Work to complete >> Type out the data exactly as given. Skip any image.

Data provided >>
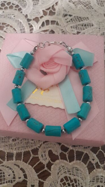 - Firuzə rəngli silindrik muncuqlu model: Parlaq mavi-turkuaz daş silindrlər, metal ara muncuqlar və möhkəm karabiner qapanma. Gündəlik və yay kombinləri üçün ideal vurğu.
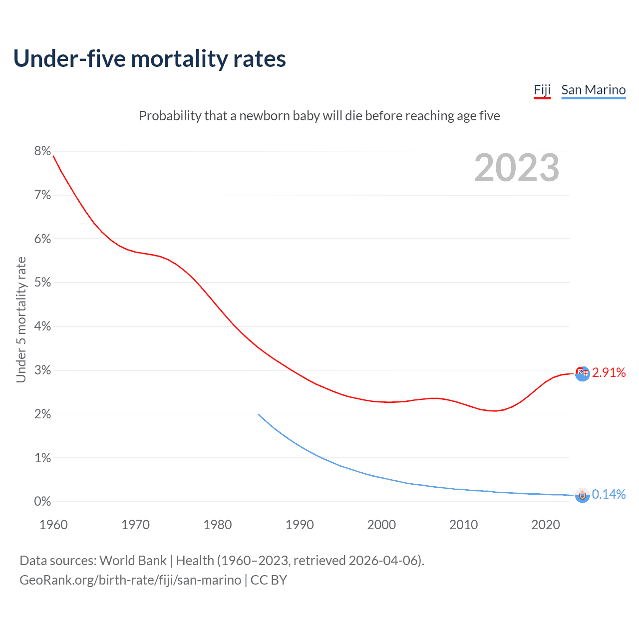 The chance that a newborn baby will die before reaching age five is 2.91% in Fiji and 0.14% in San Marino. Above is a chart with historical data on under-five mortality rates.
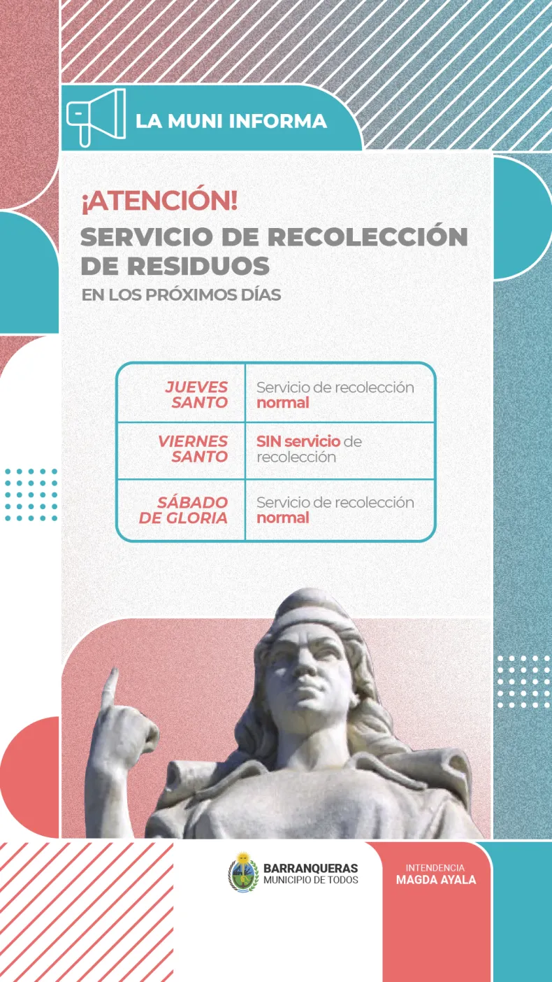Desde el municipio de Barranqueras informan que durante este fin de semana extra largo por ser Semana Santa, el servicio de recolección se verá con algunas modificaciones:
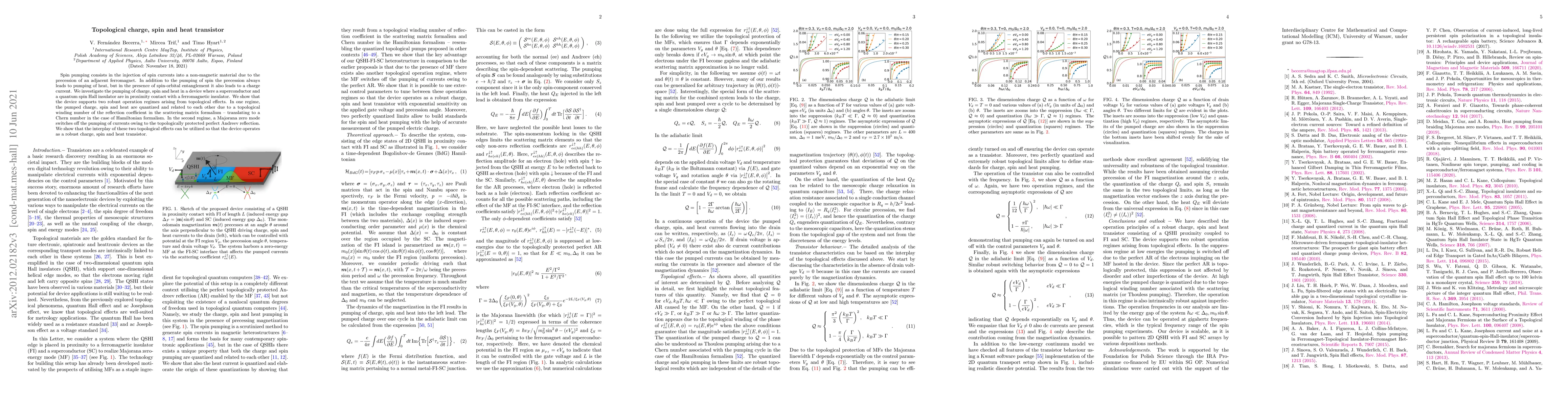 This paper investigates a device combining a superconductor, a quantum spin Hall insulator, and a ferromagnetic insulator, demonstrating two topological regimes. The device functions as a robust charge, spin, and heat transistor, with quantized pumping in one regime and zero-mode-induced current suppression in the other.

Task solution >>
 - Firuzə rəngli silindrik muncuqlu model: Parlaq mavi-turkuaz daş silindrlər, metal ara muncuqlar və möhkəm karabiner qapanma. Gündəlik və yay kombinləri üçün ideal vurğu.
 The chance that a newborn baby will die before reaching age five is 2.91% in Fiji and 0.14% in San Marino. Above is a chart with historical data on under-five mortality rates.
Desde el municipio de Barranqueras informan que durante este fin de semana extra largo por ser Semana Santa, el servicio de recolección se verá con algunas modificaciones:
 This paper investigates a device combining a superconductor, a quantum spin Hall insulator, and a ferromagnetic insulator, demonstrating two topological regimes. The device functions as a robust charge, spin, and heat transistor, with quantized pumping in one regime and zero-mode-induced current suppression in the other.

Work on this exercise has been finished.